Mustang verkocht zowel complete fietsen als fietskaders en onderdelen. De cliënten waren rijwielhandelaren en de zogenoemde zelf monterende groothandelaren. De twee vertegenwoordigers bezochten de fietsenmakers in de regio en leverden de fietsen, frames en onderdelen af. Een derde (zelfstandige) vertegenwoordiger reisde per trein het hele land door om fietskaders aan de zelf monterende grossiers te verkopen. Zij brachten vervolgens hun eigen merk aan op de fietsen. Framebouw voor andere bedrijven was een steeds belangrijker bedrijfsactiviteit geworden. Belangrijkste concurrenten van Mustang hierbij waren De Wilde uit Volendam en de Amsterdamse bedrijven Van Raam en Vrolijk De Groot. Mustang was in omvang de nummer 2 van Nederland. De concurrentiestrijd was fel. De framebouwers kwamen, in Amsterdam, diverse keren bij elkaar om prijsafspraken te maken, maar deze afspraken werden daarna vrijwel meteen weer geschonden.

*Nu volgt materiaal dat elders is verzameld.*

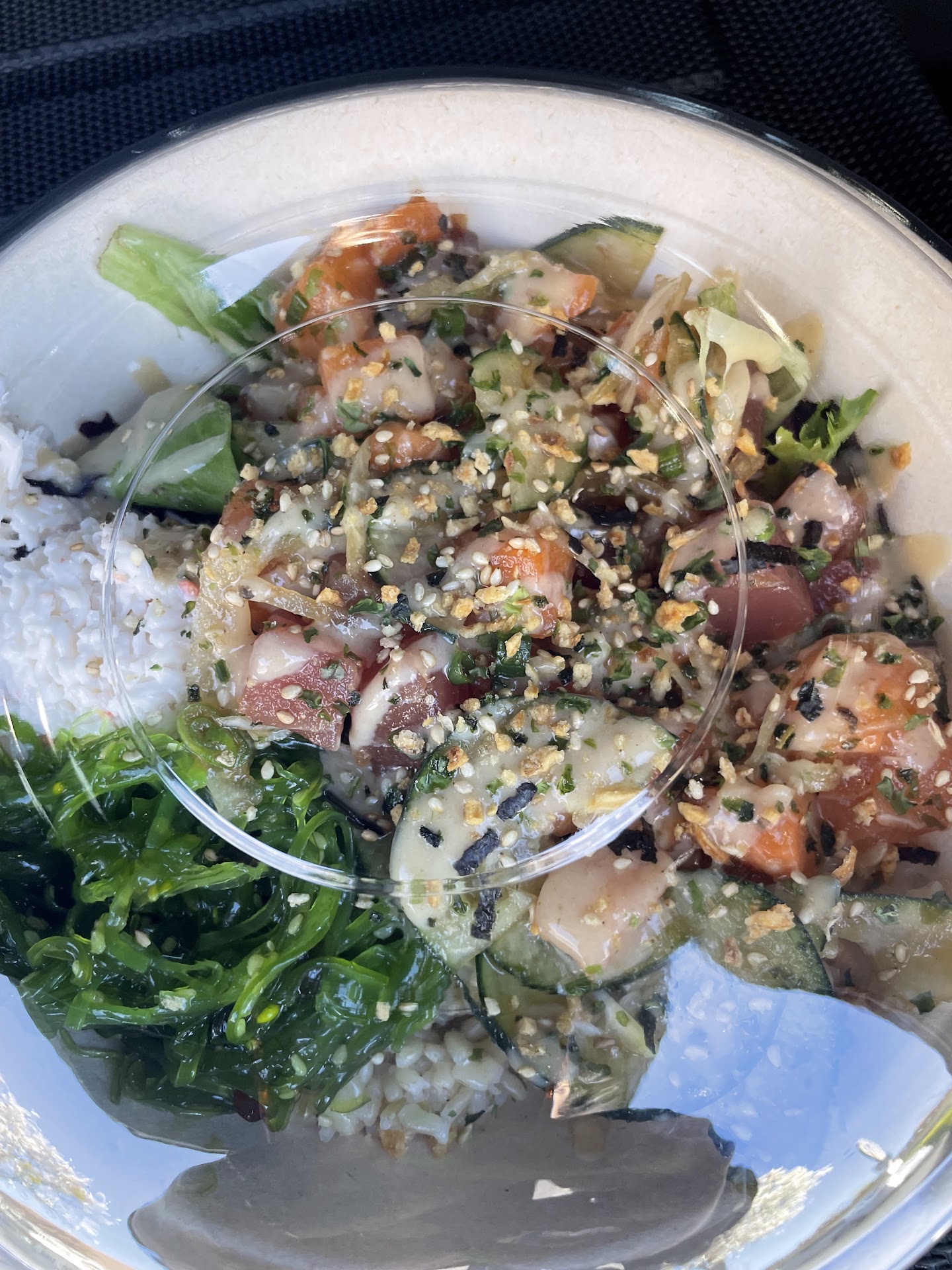 Read moreI can’t believe it’s taken me forever to try this Poke spot in Benicia. I’ve been getting my nails done next door for years, located in the same plaza as Nations, it can get pretty busy but there’s always parking. Small store front but very welcoming and cozy. The workers are super inviting, friendly, and helpful. You have plenty of options to choose for. I opted for the signature house bowl which comes with tuna, salmon, seaweed salad, crab salad, cucumber, green onion, house sauce. I chose half brown rice and vegetables/greens for my base. The worker also helped elevate my bowl with some ponzu sauce, sesame seeds, and garlic flakes. I devoured my bowl so quickly! There isn’t any seating indoors, but there’s a fro yo spot a couple of doors down with outdoor seating , maybe get something for dessert if you want to eat it outside quickly or there’s a park across the street. If you’re craving for Poke while in Benicia, this...
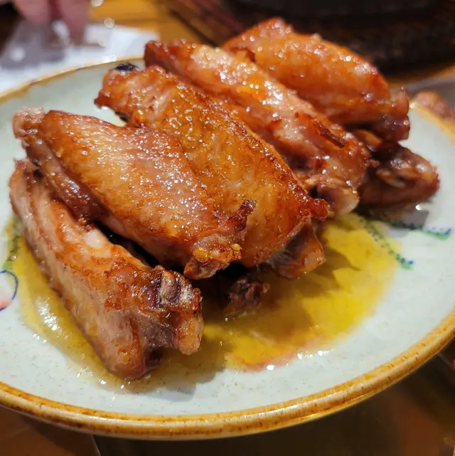 帶住今世情人(老公)同前世情人(仔仔)到佐敦搵食,見到呢間曾經被介紹嘅鋪頭響年初四唔駛排長龍就入咗去。叫咗個兩粉,一小食同送咗個前菜。炙燒手撕雞湯粉絲拼米粉($68)- 燒過嘅雞絲真係香到爆,先試原味湯底,清雞湯味易入口,再拮個檸檬,係如虎添翼,鮮酸味令人流口水。雞絲唔鞋,加埋個炙燒香味一絕。當中嘅陪菜腸粉亦係有趣地方,再試啖辣醬,整體真係非試不可。十三飛($80)- 湯底濃濃,同雞湯完全唔同風格,配上乾蔥又係另一風味。安格斯肥牛係正常原味,唔會差。牛肋肉夠淋夠入味,比肥牛吸引。食埋腸粉就好滿足。西多雞翼($38)- 糖漿甜牛油香,點會唔好食,加埋香脆,真係要快手享用。蝦片(免費)…查看更多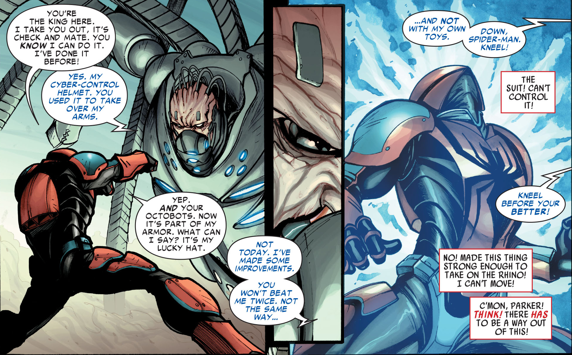 - Cyber-Control Helmet: Dựa trên chiếc mũ ban đầu của Doc Ock, có tính năng điều khiển được mọi loại máy móc trong thành phố New York. Trong Amazing Spider-Man (1963) # 683, Spidey định dùng tính năng này để vô hiệu hóa công nghệ của Doc Ock, nhưng lão đã chuẩn bị trước và lật kèo, tắt bộ giáp MK III của anh.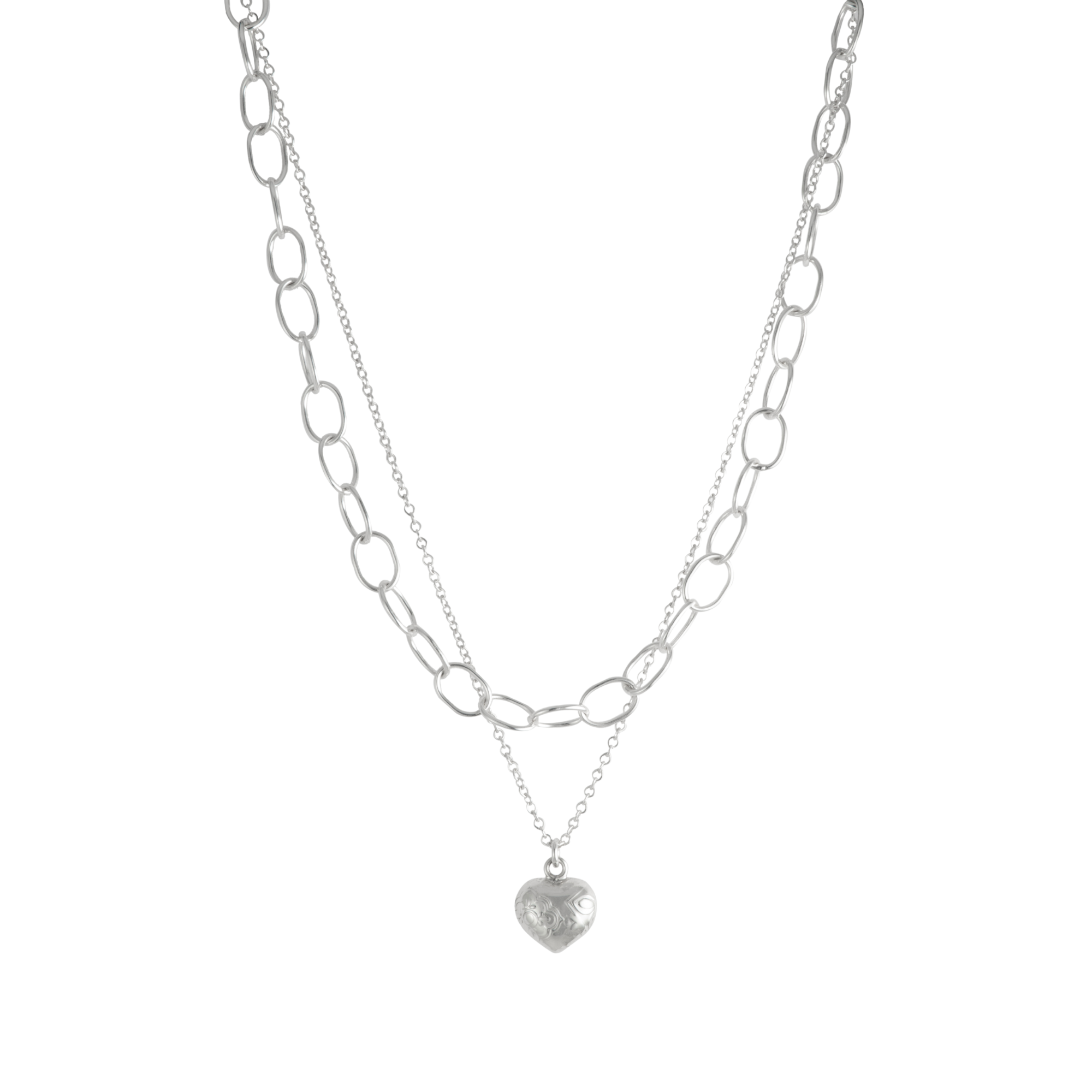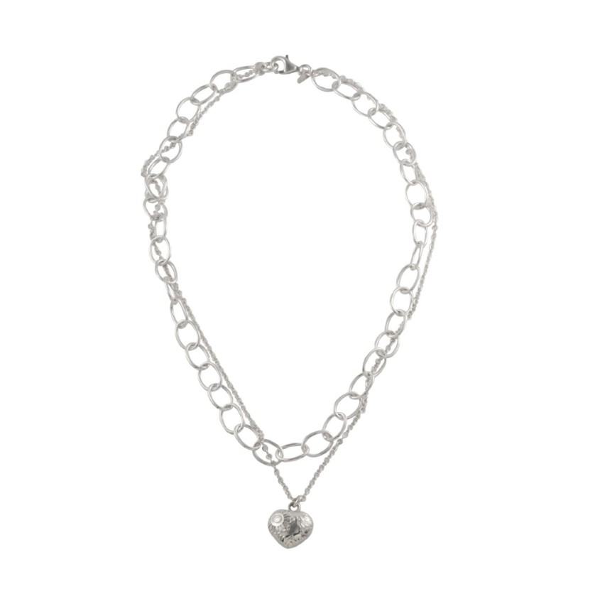 The cherny heart necklace, crafted in .925 silver, combines the strength of link design with the delicacy of a fine chain. Its double-chain style creates a balance between modern and classic, highlighted by a beautiful heart-shaped pendant adorned with unique engravings.
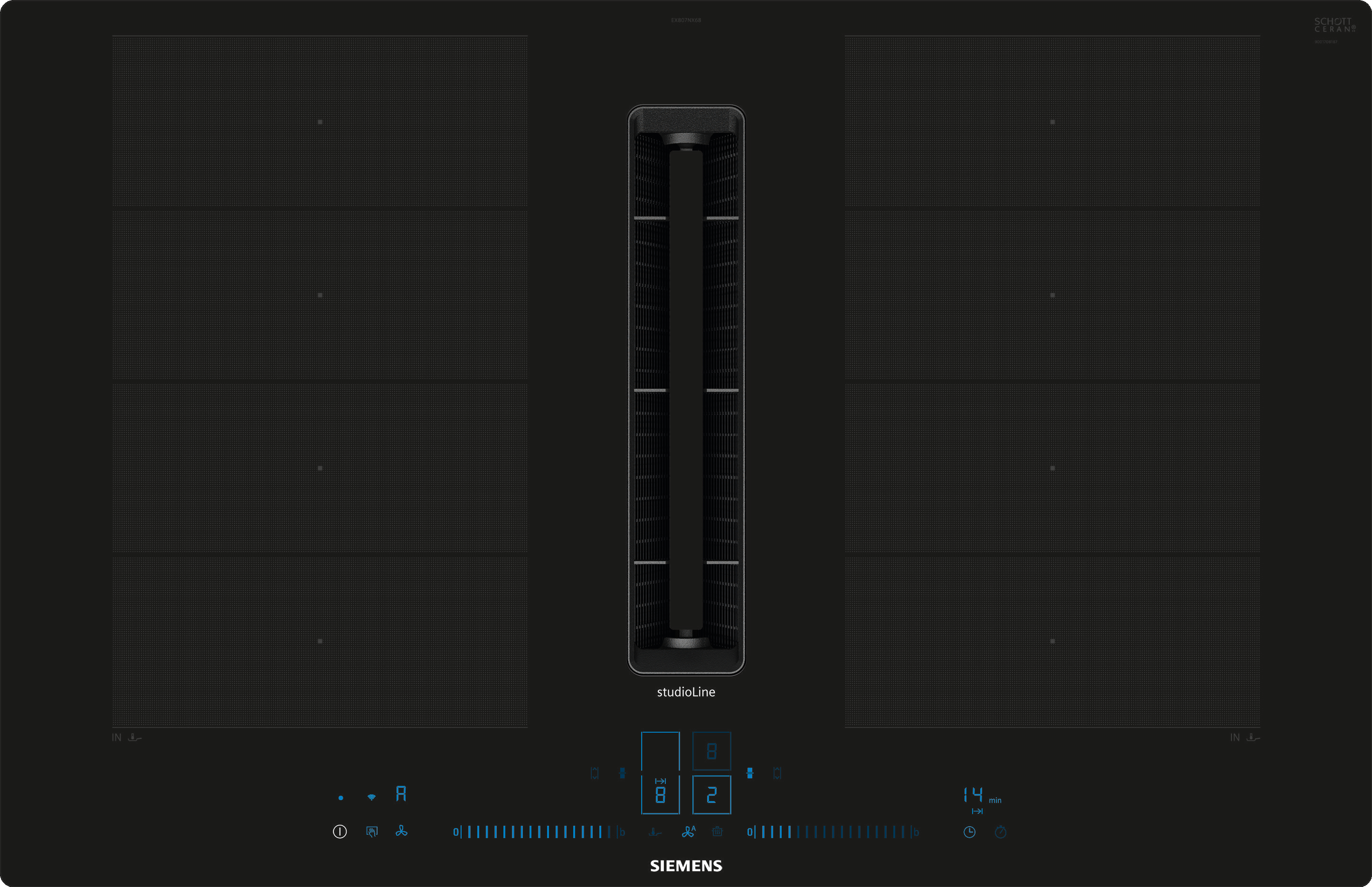Esthetisch geïntegreerd, volledig vlakke luchtinlaat met zwevend, hittebestendig glaskeramiek element voor vrije beweging en plaatsing van kookgerei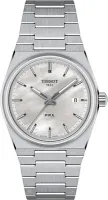 Откройте для себя очарование вневременного ретродизайна с моделью Tissot PRX 35mm, артикул T137.210.11.111.00 — эти оригинальные часы, впервые представленные в 1978 году, триумфально возвращаются, чтобы покорить ценителей изобретательности и изысканного стиля. Швейцарские часы Tissot PRX созданы для тех, кто страстно любит дизайн: тонкий, сужающийся к краю корпус бочкообразной формы и эргономичный интегрированный браслет из нержавеющей стали 316L объединяют легендарное прошлое и современную утонченность, делая аксессуар актуальным для людей всех возрастов. Эти женские часы имеют диаметр 35 мм, что в точности соответствует размеру оригинальной модели 1978 года. Внутри корпуса, толщина которого составляет 9,6 мм, а высота — 34,6 мм, находится швейцарский кварцевый механизм с калибром 10 1/2''' и функцией EOL (индикатор низкого заряда батареи), работающий от элемента питания Renata 371. Белый перламутровый циферблат с индексами защищен устойчивым к появлению царапин сапфировым стеклом, а для лучшей читаемости в темноте на стрелки нанесено люминесцентное покрытие Super-LumiNova. Модель весом 97 г оснащена стальным браслетом серого цвета со сменным креплением. Водонепроницаемость составляет 100 метров (10 АТМ/bar): подходят для плавания и погружения на глубину 5–7 м (выдвигать заводную головку и нажимать кнопки, находясь в воде, нельзя).
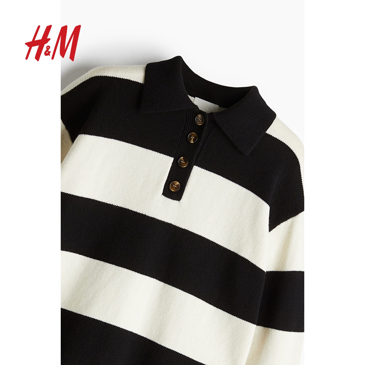 HM女装毛针织衫秋季宽松细针织条纹长袖套头衫1257621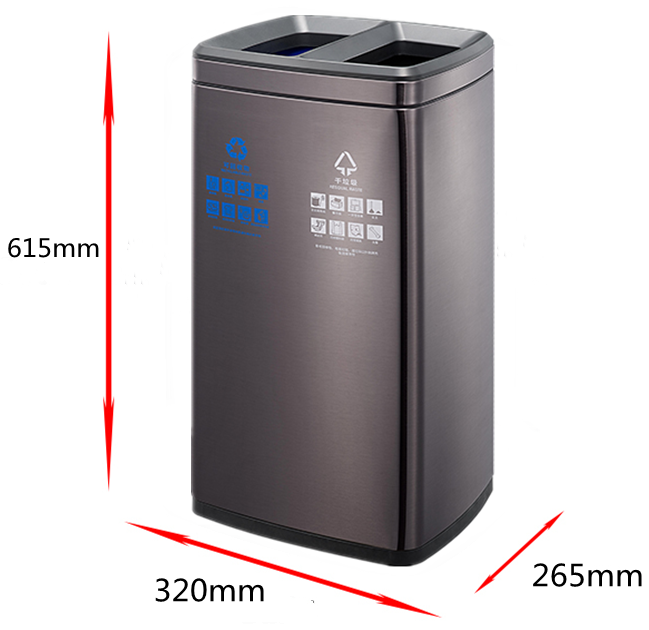 Classified Double Sort Recycle Trash Can Without Lid Standing Indoor Use 2 Compartments Stainless Steel Garbage Bin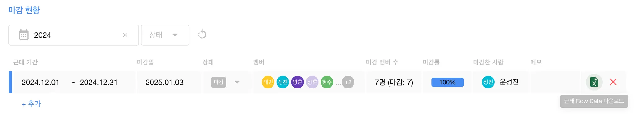 또한, 근태 마감 후 다운로드를 통해 근무설정에 따른 상세 근태내역을 엑셀로 다운로드 받으실 수 있어요.
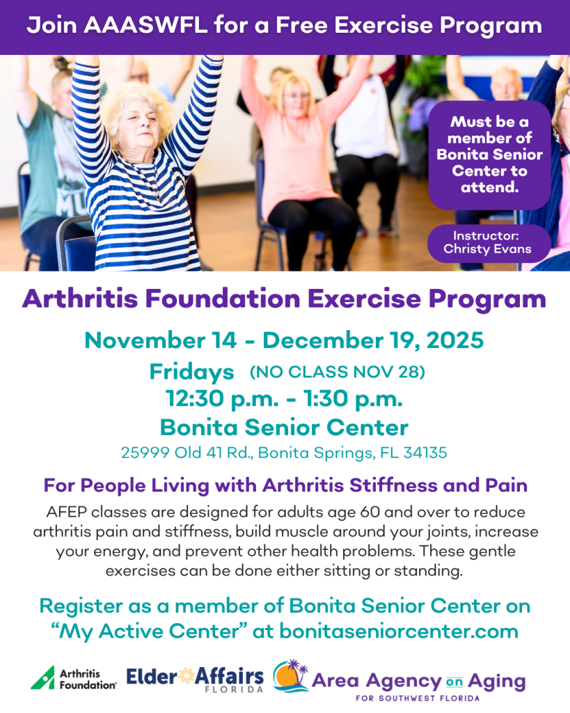 Register as a member of Bonita Senior Center on the “My Active Center” page at https://bonitaseniorcenter.com.

In 1950 bestond de fabriek 40 jaar en dat werd op 10 oktober - samen met de bijna 50 man personeel en veel genodigden uit binnen- én buitenland - groots gevierd. In het begin van de jaren vijftig kwamen de fietsen met hulpmotor in gebruik en in de mode. Mustang antwoordde hierop met 50cc-hulpmotoren van Rex uit München met snaaraandrijving op Mustang-fietsen met een verzwaard frame te monteren. Na enkele jaren stopte Mustang echter met de gemotoriseerde tweewielers. Ook de octrooifiets werd rond deze tijd uit de productie genomen.
Begin jaren zestig kwamen de twee zonen van Roelf de Geeter, Harry en Henk, in het bedrijf. Ze kregen zeker geen voorkeursbehandeling! Ze moesten immers alle takken van het bedrijf leren kennen, incluis ook de smerige klusjes in de productie. In 1962 opende Mustang in de vroegere ijsfabriek een toonzaal. Deze was bedoeld om de rijwielhandelaren te tonen wat de Mustang rijwielfabriek in huis had. Het betekende echter het einde van de goede zakenrelatie die Mustang had met de handelaars. Ze verdachten ten onrechte Mustang van rechtstreekse verkoop aan particulieren en boycotten het bedrijf. De verkoop van complete fietsen aan winkels liep nu sterk terug.
In de jaren '60 werd veel gedaan om de bekendheid verder te vergoten, dat zowel richting de fietsenhandel als naar de particulieren. Dat gebeurde via advertenties, stands op beurzen en bij evenementen. Mustang reed ook mee in de reclame caravaan van de Ronde van Drenthe. Ook was Mustang enkele jaren sponsor van een jeugdwielerteam bij de Jeugdtour van Assen.
Het CBR-kartel ( Centraal Bureau voor de Rijwielhandel): hield Mustang constant in de gaten en deelde herhaaldelijk boetes uit, bijvoorbeeld voor levering aan niet-kartelleden of voor een verkoop onder de door het kartel vastgestelde prijs. De werkwijze van het kartel was strijdig met Europese regelgeving, maar de Nederlandse overheid liet het al die jaren gebeuren. Zoals nagenoeg alle fietsenfabrikanten, grossiers en handelaars, was Mustang aangesloten bij de CBR. Dit kartel domineerde de hele Nederlandse rijwielbranche. Er werden bindende afspraken gemaakt over verkoopprijzen maar ook over wie wat mocht en wat niet. Framenummers moesten bijvoorbeeld worden geregistreerd, alle levering moesten precies worden bijgehouden en zaken doen met niet-CBR-leden was uit den boze. De heren De Geeter hebben altijd een gespannen relatie gehad met het CBR en ze legden de regels geregeld naast zich neer. In 1970 was voor Mustang de maat vol: de directie besloot na het zoveelste conflict uit het CBR te stappen. Deze stap betekende dat Mustang officieel niet meer mocht leveren aan CBR-leden én dat CBR-leden geen zaken mochten doen aan Mustang. Toch kwam Mustang eenvoudig aan de nodige onderdelen. Leveranciers wilden uiteraard nog steeds graag leveren en kwamen niet meer met hun eigen camions naar Assen, maar lieten de leverantie door een transportbedrijf doen. Ook de omzet had weinig te lijden onder de breuk met het CBR. De verkoop aan particulieren was inmiddels erg belangrijk en bleef sterk groeien.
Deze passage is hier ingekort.